-- Task directions --
Output exactly, in the material below, the lines from the one with "Pradip Fabrics Ethnic" through the one with "Los resultados generales". Omit all pictures.

-- Given records --
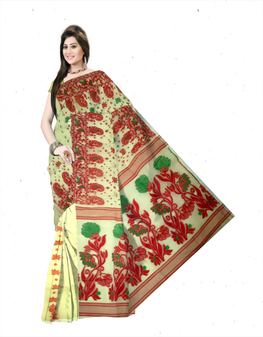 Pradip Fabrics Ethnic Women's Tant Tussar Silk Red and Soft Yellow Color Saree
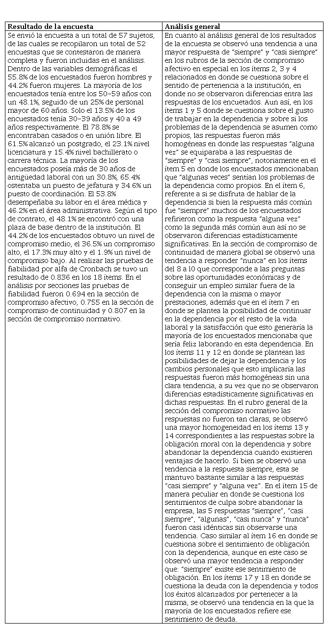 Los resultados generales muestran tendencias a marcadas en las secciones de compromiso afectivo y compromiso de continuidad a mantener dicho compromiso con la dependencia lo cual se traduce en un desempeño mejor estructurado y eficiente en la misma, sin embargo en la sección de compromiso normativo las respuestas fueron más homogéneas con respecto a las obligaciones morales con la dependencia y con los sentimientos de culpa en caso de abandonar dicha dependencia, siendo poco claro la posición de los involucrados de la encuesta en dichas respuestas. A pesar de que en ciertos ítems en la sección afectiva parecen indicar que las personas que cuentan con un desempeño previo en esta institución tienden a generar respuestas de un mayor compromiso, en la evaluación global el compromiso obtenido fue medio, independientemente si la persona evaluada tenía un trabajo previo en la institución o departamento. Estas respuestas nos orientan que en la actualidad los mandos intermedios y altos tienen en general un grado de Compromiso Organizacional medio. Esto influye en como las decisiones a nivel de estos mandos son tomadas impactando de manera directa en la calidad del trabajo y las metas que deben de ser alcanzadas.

* * *

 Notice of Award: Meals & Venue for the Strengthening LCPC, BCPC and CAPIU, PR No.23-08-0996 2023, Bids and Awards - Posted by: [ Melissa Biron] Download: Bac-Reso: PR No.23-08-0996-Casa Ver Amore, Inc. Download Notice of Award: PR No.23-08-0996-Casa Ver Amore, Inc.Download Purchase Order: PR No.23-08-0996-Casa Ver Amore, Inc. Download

-- Written reply --
 Pradip Fabrics Ethnic Women's Tant Tussar Silk Red and Soft Yellow Color Saree
 Los resultados generales muestran tendencias a marcadas en las secciones de compromiso afectivo y compromiso de continuidad a mantener dicho compromiso con la dependencia lo cual se traduce en un desempeño mejor estructurado y eficiente en la misma, sin embargo en la sección de compromiso normativo las respuestas fueron más homogéneas con respecto a las obligaciones morales con la dependencia y con los sentimientos de culpa en caso de abandonar dicha dependencia, siendo poco claro la posición de los involucrados de la encuesta en dichas respuestas. A pesar de que en ciertos ítems en la sección afectiva parecen indicar que las personas que cuentan con un desempeño previo en esta institución tienden a generar respuestas de un mayor compromiso, en la evaluación global el compromiso obtenido fue medio, independientemente si la persona evaluada tenía un trabajo previo en la institución o departamento. Estas respuestas nos orientan que en la actualidad los mandos intermedios y altos tienen en general un grado de Compromiso Organizacional medio. Esto influye en como las decisiones a nivel de estos mandos son tomadas impactando de manera directa en la calidad del trabajo y las metas que deben de ser alcanzadas.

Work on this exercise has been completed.